Correctness: To the extent that can be determined from a conference paper, the claims, method, and methodology are correct.

Clarity: The writing is very clear.

Relation to Prior Work: As noted above, how this differs from prior work in Tennenbaum's group has not been adequately delineated.

Reproducibility: Yes

Additional Feedback: I think this is a strong paper, in a line of research that is interesting and should be of interest to the NeurIPS community. Making it clearer how this work constitutes an advance over the prior work in this line is the major point I would like to see addressed in the revision.

Review 3

Summary and Contributions: The goal is to study how humans learn to perform a novel task via abstraction and compositionality of simpler routines. The experimental manipulation is to use two different types of training sets that are designed to lead participants to learn different inductive biases. The same test set is used for both groups. Thus, systematic differences in how subjects complete the task across groups may be attributed to differences in how they learned the task, due to the assignment of the training set. A program induction algorithm for learning the task demonstrates the same types of biases as seen in the humans. Also, the outputs of the program learned on training set 1 are more similar to the human drawing trajectories for group 1 than for group 2, and vice-versa for outputs of program learned from training set 2.

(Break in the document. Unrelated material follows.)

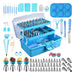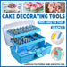 This 236-piece cake decorating tools kit supports restaurant dessert stations and bakery prep with piping tips, bags, and finishing tools for cakes, cupcakes, cookies, and more, stored neatly in a convenient box.
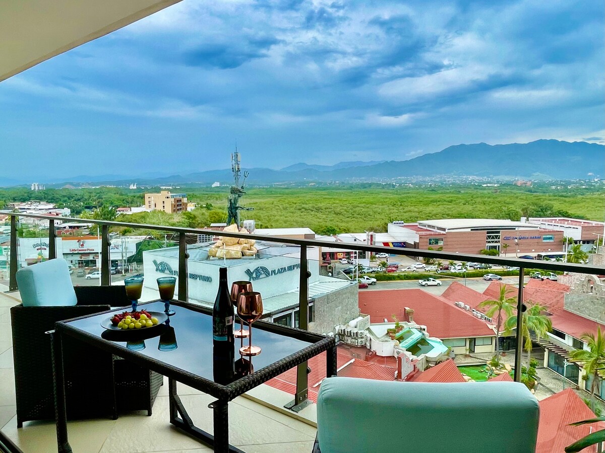 Welcome home to your MODERN 7th FL condo. Your Rooftop infinity pool w/ a BREATH-TAKING VIEW of the sea and cruise ships: simply stunning! Our space offers all the convenient amenities. Rooftop BBQ or gym with a view? You got it! All in a perfect location; only a 12-min walk to the beach, restaurants, bars, groceries, malls, cinema, and hospital. The Malecón, Romantica, and Marina are a quick 10-min drive away! YOUR dream getaway with stunning rooftop views right here in beautiful PV.

Strengths: The experimental design controls for confounding factors by randomization. The stimuli design is quite ingenious in allowing two different types of drawing strategies to be tested on a common set. The program induction uses state-of-the-art probabilistic inference methods to learn how to draw, and qualitatively replicates important features of human performance. A second experiment with a rotated test set adds extra confirmation that humans learned the task as a composition of simpler tasks. The data displayed is remarkably clean and shows high compliance of the human volunteers to the intent of the task. This study is very interesting for the researchers interested in understanding human learning, and encourages the use of similar methodology for future studies in human task learning.

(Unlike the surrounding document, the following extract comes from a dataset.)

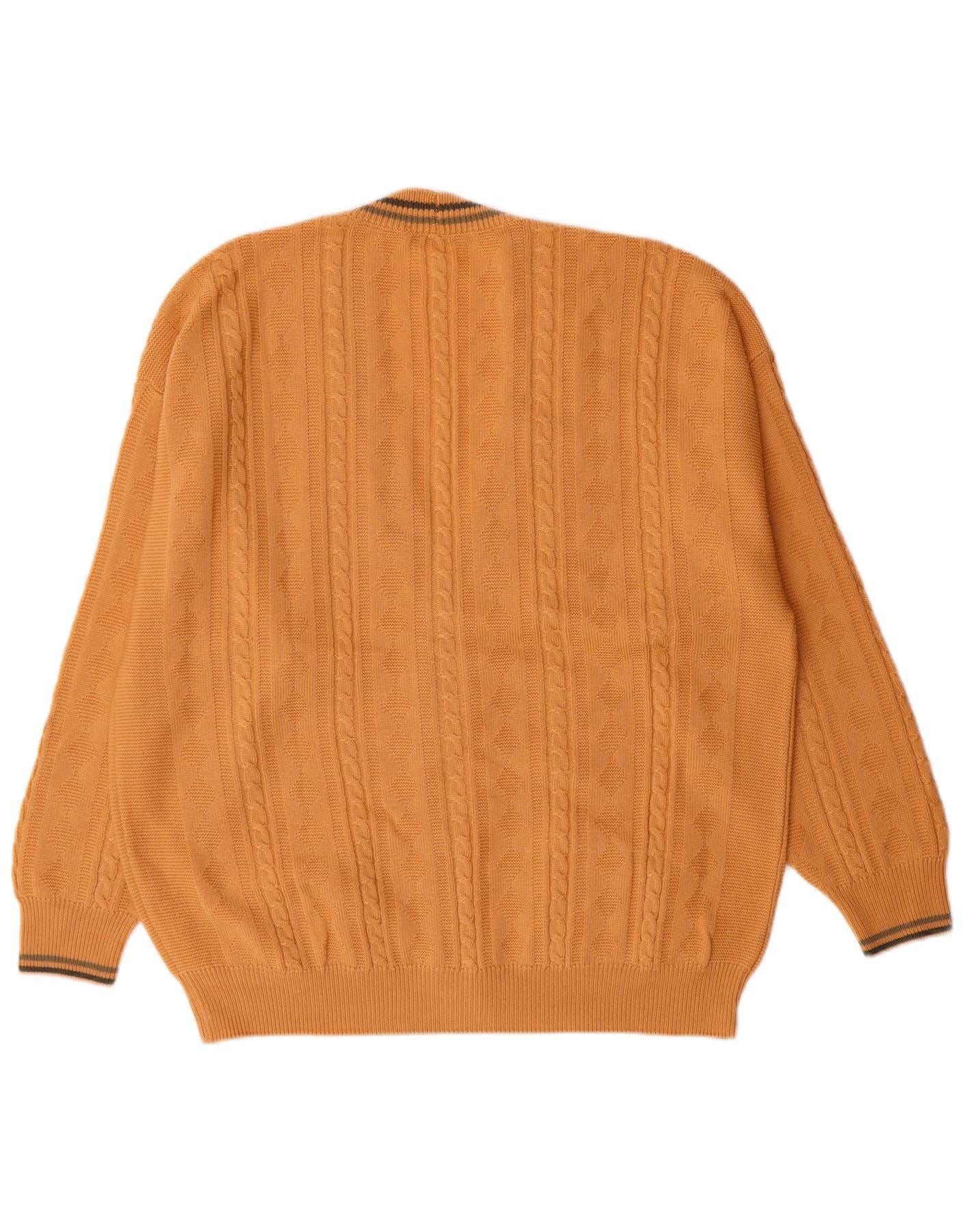 IL GRANCHIO Mens Cardigan Sweater Large Yellow Virgin Wool Classic

Weaknesses: As the authors note, the AI has much less agreement to human behavior than intersubject agreement within the same group. But due to the novelty of the work, such a performance gap is understandable. The authors used very strong prior knowledge (e.g. pre-defined primitives) which while intuitively plausible, may limit the generality of the AI.

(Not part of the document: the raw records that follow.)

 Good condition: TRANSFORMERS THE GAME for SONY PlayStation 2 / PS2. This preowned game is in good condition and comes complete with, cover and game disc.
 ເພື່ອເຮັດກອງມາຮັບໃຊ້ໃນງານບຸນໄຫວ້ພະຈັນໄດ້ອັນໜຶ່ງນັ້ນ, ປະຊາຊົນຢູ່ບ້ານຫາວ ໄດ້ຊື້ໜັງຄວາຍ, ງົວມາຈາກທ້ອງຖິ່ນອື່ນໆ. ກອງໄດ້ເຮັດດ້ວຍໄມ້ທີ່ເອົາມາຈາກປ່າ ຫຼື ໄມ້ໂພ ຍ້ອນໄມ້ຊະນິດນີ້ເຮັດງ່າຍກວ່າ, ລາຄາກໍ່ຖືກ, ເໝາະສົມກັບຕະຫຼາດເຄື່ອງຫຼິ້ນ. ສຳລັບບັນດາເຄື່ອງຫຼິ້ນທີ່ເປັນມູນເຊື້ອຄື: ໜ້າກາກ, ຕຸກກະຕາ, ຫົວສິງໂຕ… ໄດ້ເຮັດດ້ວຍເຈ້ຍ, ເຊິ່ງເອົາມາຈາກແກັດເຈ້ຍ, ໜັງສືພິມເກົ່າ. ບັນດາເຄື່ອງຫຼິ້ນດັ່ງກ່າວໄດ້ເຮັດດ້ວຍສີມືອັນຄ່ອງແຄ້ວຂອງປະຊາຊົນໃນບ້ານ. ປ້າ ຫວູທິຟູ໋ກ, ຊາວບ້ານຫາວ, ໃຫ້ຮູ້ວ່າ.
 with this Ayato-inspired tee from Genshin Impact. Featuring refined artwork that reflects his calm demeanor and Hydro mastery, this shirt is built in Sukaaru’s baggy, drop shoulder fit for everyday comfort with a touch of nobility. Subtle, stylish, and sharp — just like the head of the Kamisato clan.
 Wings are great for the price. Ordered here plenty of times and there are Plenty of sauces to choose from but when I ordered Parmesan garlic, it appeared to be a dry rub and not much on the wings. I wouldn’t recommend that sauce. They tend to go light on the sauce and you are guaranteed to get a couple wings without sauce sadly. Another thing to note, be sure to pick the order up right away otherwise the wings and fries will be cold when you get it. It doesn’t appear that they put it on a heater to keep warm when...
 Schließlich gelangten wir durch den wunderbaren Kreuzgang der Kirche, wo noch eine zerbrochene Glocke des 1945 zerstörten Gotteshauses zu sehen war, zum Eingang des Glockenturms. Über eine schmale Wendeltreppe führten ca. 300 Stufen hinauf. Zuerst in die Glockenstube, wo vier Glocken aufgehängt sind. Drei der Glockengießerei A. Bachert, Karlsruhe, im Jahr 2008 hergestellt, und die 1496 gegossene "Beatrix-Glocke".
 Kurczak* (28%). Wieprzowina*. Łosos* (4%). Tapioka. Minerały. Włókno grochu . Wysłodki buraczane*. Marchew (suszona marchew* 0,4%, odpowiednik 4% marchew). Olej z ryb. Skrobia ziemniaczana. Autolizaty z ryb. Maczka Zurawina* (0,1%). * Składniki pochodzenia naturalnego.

Correctness: The algorithmic and the experimental methodology appear to be correct.

Clarity: On the whole, the paper is quite readable. One issue that was not immediately clear is the terminology of image, stroke, trajectory. The meaning of the notation in the equations (4) "t draws I" is not clear. I had to refer to the supplement to understand that the trajectory did not refer to the entire image but rather to a single stroke.

Relation to Prior Work: Previous literature from two fields, (1) psychological studies of drawing and (2) AI program induction and drawing are cited. This study is novel in comparing human data to AI behavior.

Reproducibility: Yes

Additional Feedback: The paragraph "Reweighting trajectories by motor cost" could probably be made more clear. It was not clear if all the details needed to reproduce the implementation of the program induction are given. But these are relatively minor issues and would not improve the already high score that I am giving this paper.